### Action item
The listing below begins with the first line you should copy; stop after the line containing "Give your dining", and drop every picture.

### Information shown
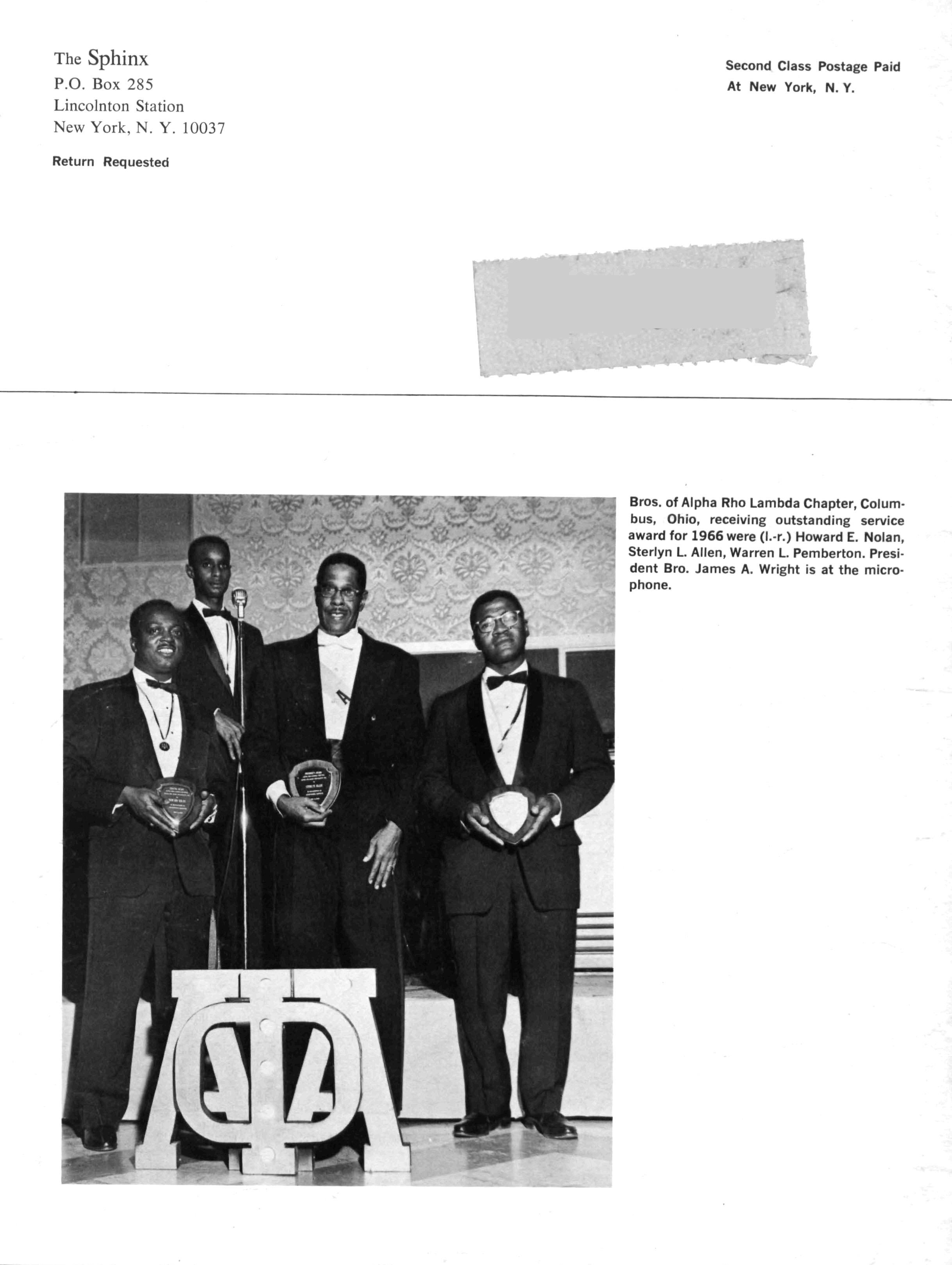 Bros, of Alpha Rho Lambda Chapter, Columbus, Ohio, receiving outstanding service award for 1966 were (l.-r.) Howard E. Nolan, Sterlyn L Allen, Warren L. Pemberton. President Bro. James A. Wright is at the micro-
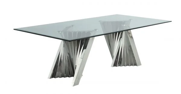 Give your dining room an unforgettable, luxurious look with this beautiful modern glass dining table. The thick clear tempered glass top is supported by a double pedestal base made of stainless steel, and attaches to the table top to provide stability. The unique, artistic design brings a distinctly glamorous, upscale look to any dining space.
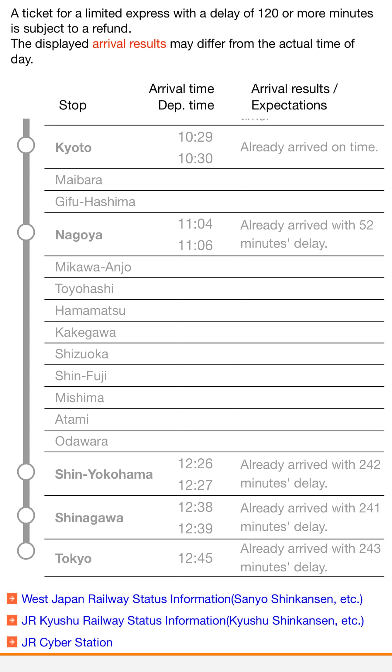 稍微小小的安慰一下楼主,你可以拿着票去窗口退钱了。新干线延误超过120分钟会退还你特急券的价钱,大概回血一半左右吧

### Expected answer
 Bros, of Alpha Rho Lambda Chapter, Columbus, Ohio, receiving outstanding service award for 1966 were (l.-r.) Howard E. Nolan, Sterlyn L Allen, Warren L. Pemberton. President Bro. James A. Wright is at the micro-
 Give your dining room an unforgettable, luxurious look with this beautiful modern glass dining table. The thick clear tempered glass top is supported by a double pedestal base made of stainless steel, and attaches to the table top to provide stability. The unique, artistic design brings a distinctly glamorous, upscale look to any dining space.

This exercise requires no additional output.